First, let’s see, what do you need to do if you wish to erase the existing recovery partition:

  • Confirm its presence by launching Terminal, typing the command diskutil list and pressing the Enter key. You will see the directory of your Mac's volumes – and the recovery partition among them
  • Return to Terminal and type the following: defaults write DUDebugMenuEnabled. Press Enter again
  • Launch the Disk Utility. Go Debug -> Show every Partition
  • Choose “Recovery HD” and click the Mount icon to activate it
  • Notice that ‘Recovery HD’ is no more greyed-out. Now, the user can erase it. Apply control-click and pick Erase
  • Remove the ‘naked’ 650MB partition to free up space for the major partition on Mac’s internal drive

Creating a new recovery partition will require more effort:

  • In Terminal, type in sudo hdiutil create ~/Desktop/Recovery\ HD.dmg –srcdevice /dev/DiskIdentifier, where DiskIdentifier is the identifier of the Apple_Boot Recovery HD (find it in diskutil list)
  • If requested – type in the admin password and press Enter. The Recovery HD disk image is established, and you will return to the Terminal prompt
  • Use Disk Utility to make a partition on Mac's internal disk where you plan to create a Recovery HD volume
  • Move the Recovery HD image to the new partition by using the Restore command in Disk Utility
  • Then, in Disk Utility toolbar, unmount the recently created Recovery HD volume
  • Now assign Apple_Boot type to the Recovery HD volume: launch Terminal and enter command sudo asr adjust –target /dev/DiskIdentifier -settype Apple_Boot -> press Enter -> type in the admin password -> press Enter again.

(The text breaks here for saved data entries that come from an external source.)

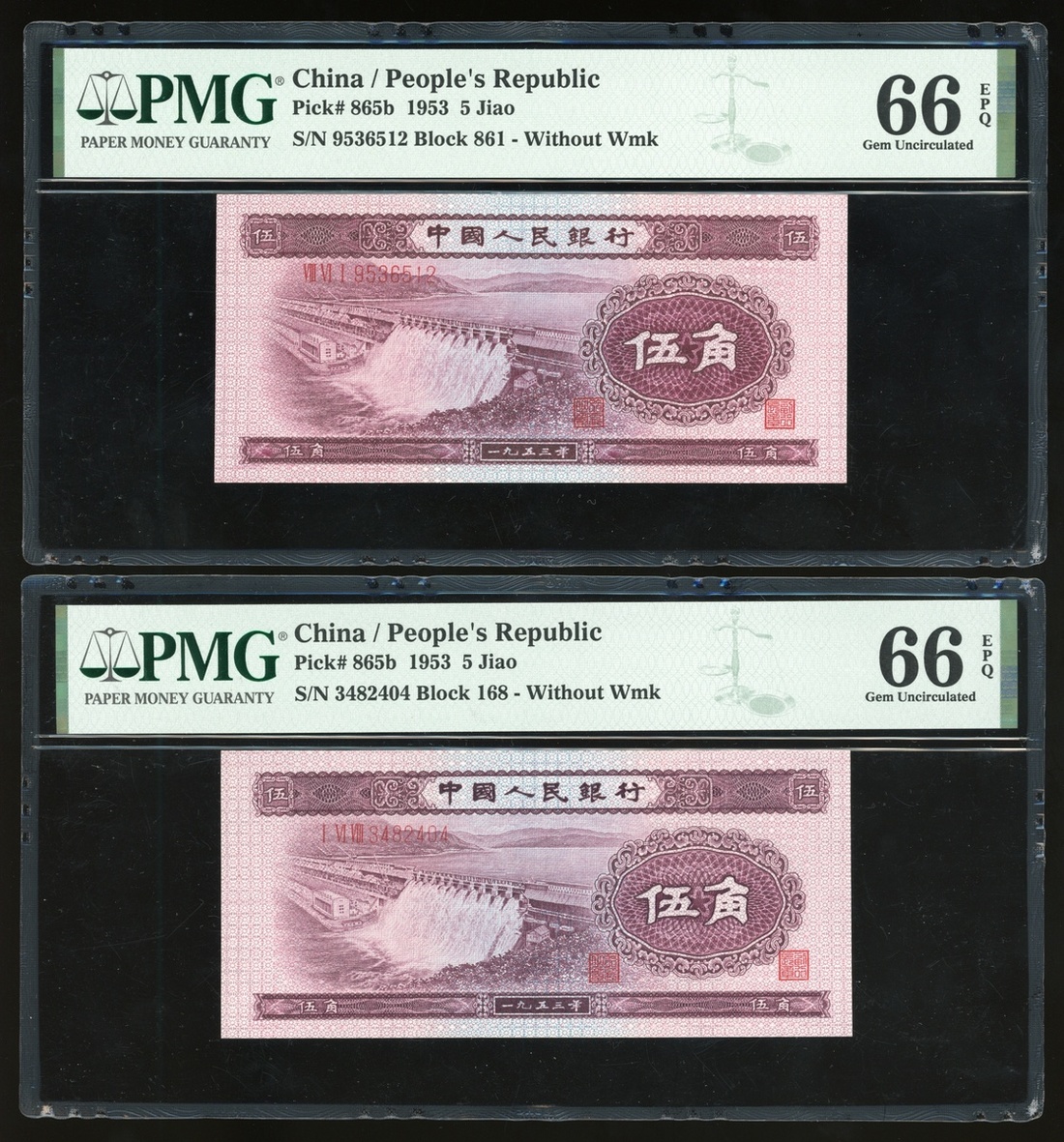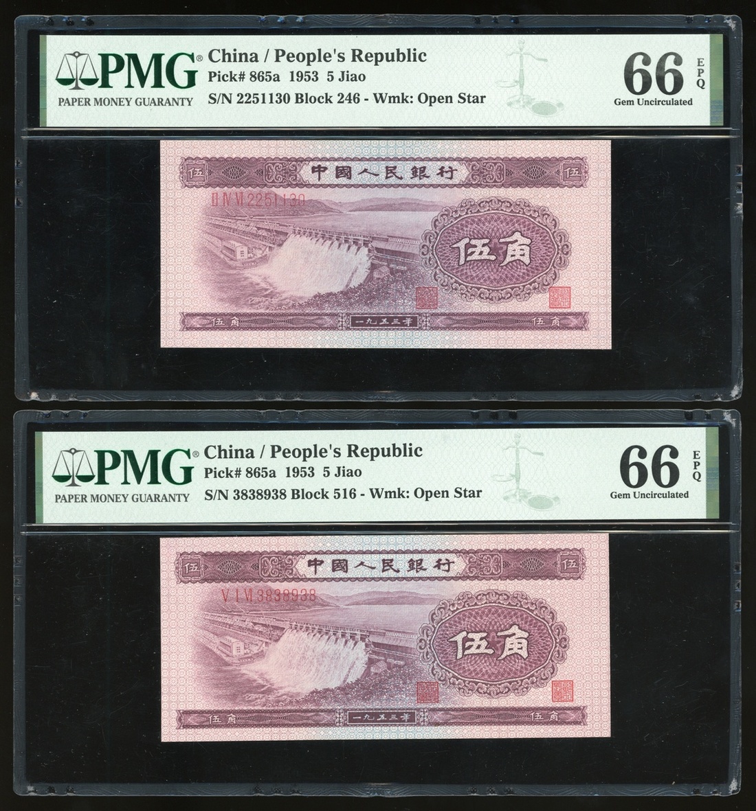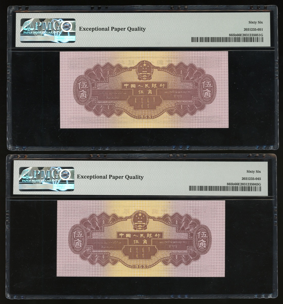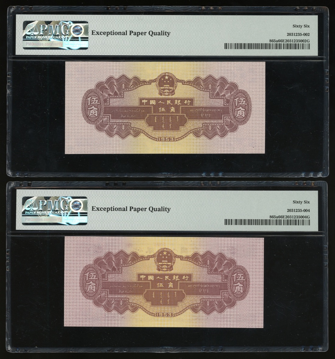 1953年中國人民銀行第二版人民幣伍角一組4枚,編號II IV VI 2251130, V I VI 3838939, VIII VI I 9536512 及 I VI VIII 3482404,2枚星水印,均PMG 66EPQ
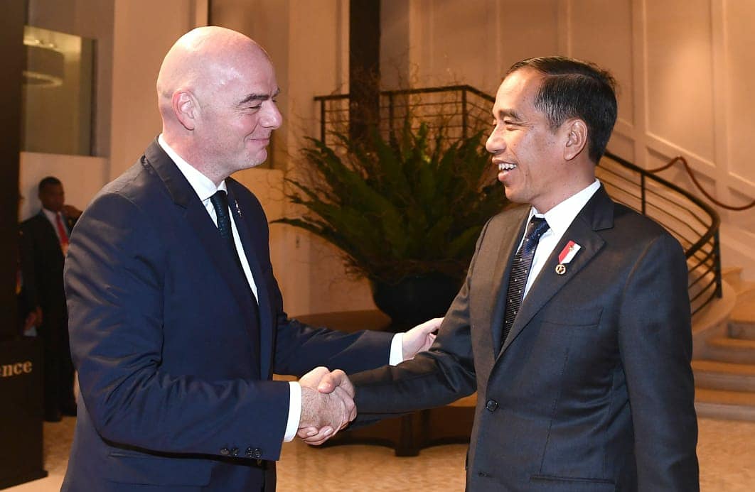 (Vibizmedia-Nasional) Presiden Joko Widodo mengadakan pertemuan bilateral dengan Presiden FIFA Gianni Infantino di The Boardroom Hotel Grand Hyatt Erawan, Bangkok, Thailand, pada Sabtu (2/11).
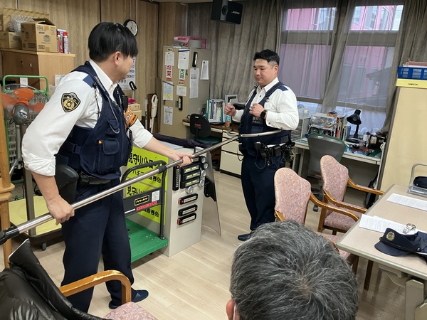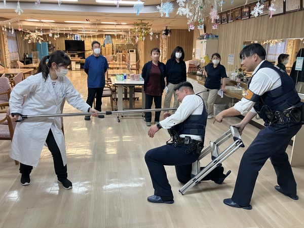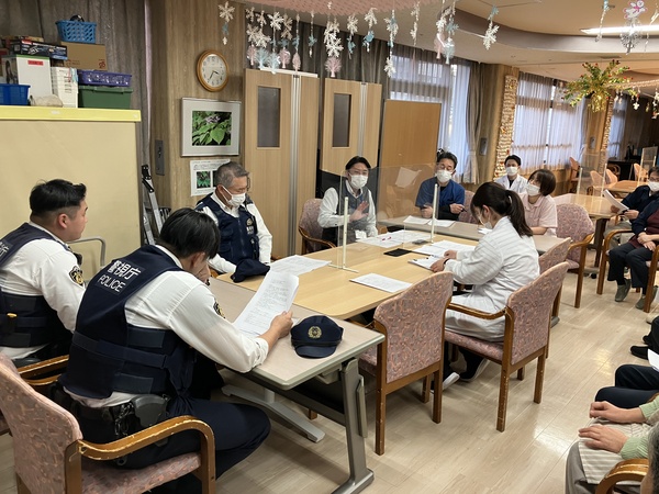 この度、地域の駐在所の巡査長3名にお越しいただき、不審者が侵入したことを想定した対応訓練を実施いたしました。現在の施設における防犯設備や対応マニュアルを想定した実演訓練をし、巡査長の方々にチェックをしていただきました。また、実際にファミーマイホームに整備してある防犯盾やさすまたを使用し、不審者への対応方法を学習しました。今回、ご指摘を受けた点を改善し、順次防犯対策を強化してまいります。
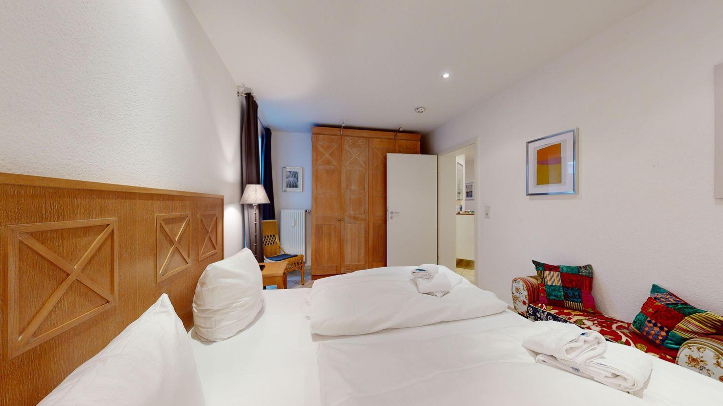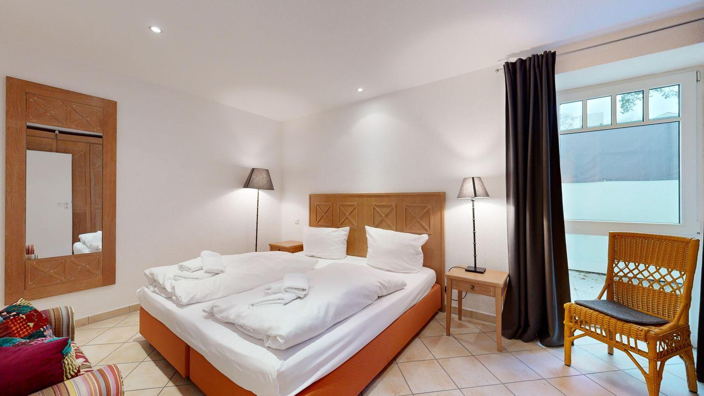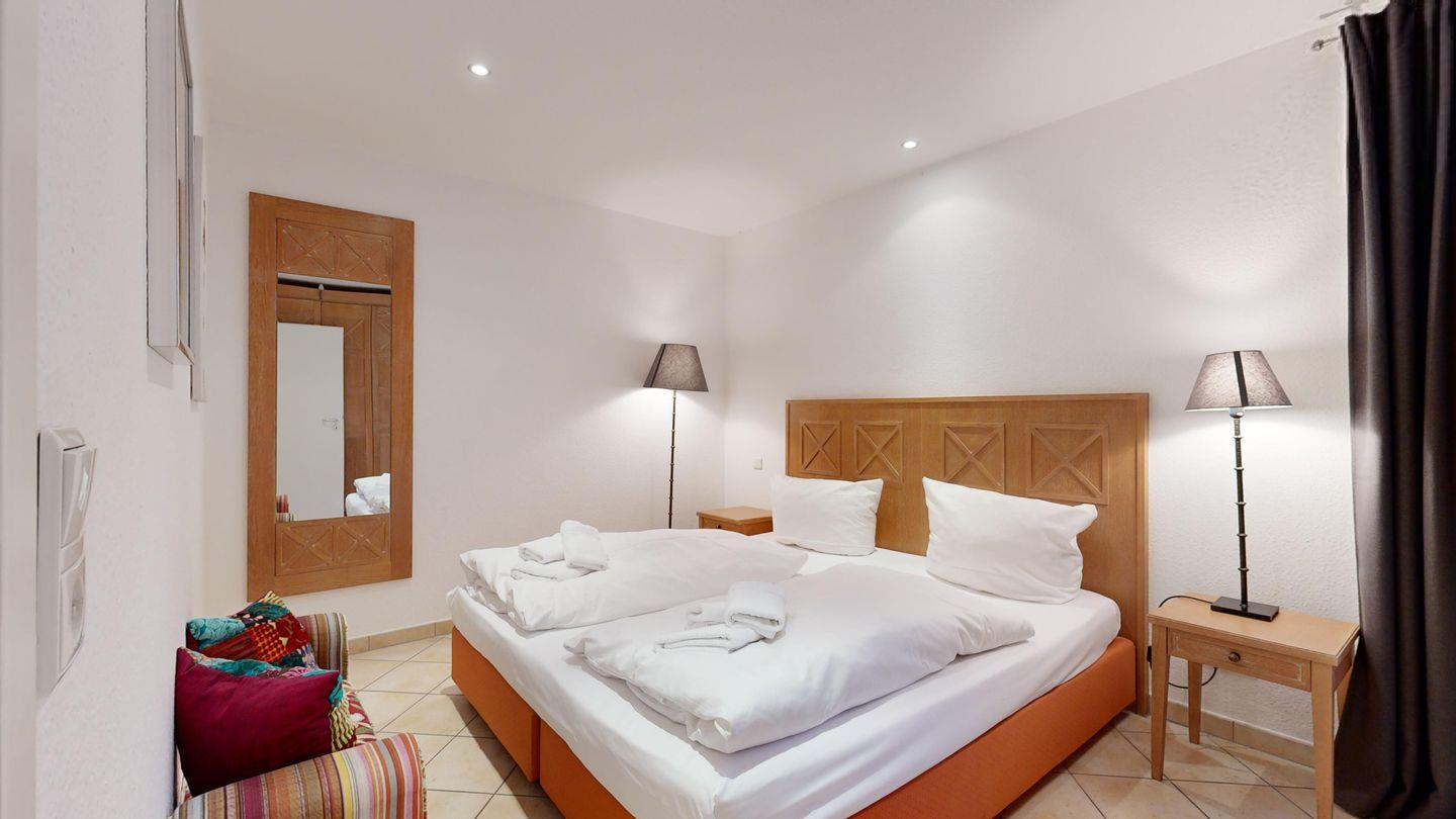 * 1 Schlafzimmer mit einem Doppelbett und großem Kleiderschrank

You’re done: the new invisible Recovery HD volume is created. The only thing left to discuss is how to get out of Recovery Mode on Mac if you have accidentally launched it. First, close the macOS utilities window. Once you do so, you will have to decide on a Startup Disk – the options will appear on the screen. Pick your startup drive and press the Restart button to escape the Recovery Mode.

If the above-mentioned method does not work, enter Utilities menu being in the Recovery Mode. Select Terminal to type the command sudo bless -folder /Volumes/Macintosh\ HD/System/Library/CoreServices –setOF and press Enter. Then, type in the admin’s password on your Mac, stop Terminal and quit the Recovery Mode to see whether HD is now available as a Startup Disk. This should do the trick. The worst options include reinstalling, migrating, or restoring from a backup.

Use Command + R on Mac to Call Recovery Mode and Solve Problems

Overall, the Recovery mode console can be very useful to fix various issues whenever your MacBook or Mac desktop is not working properly. Dealing with specific tasks requires some time plus special knowledge of particular key combinations and Terminal commands, but the result – correctly working Apple computer – is totally worth the effort.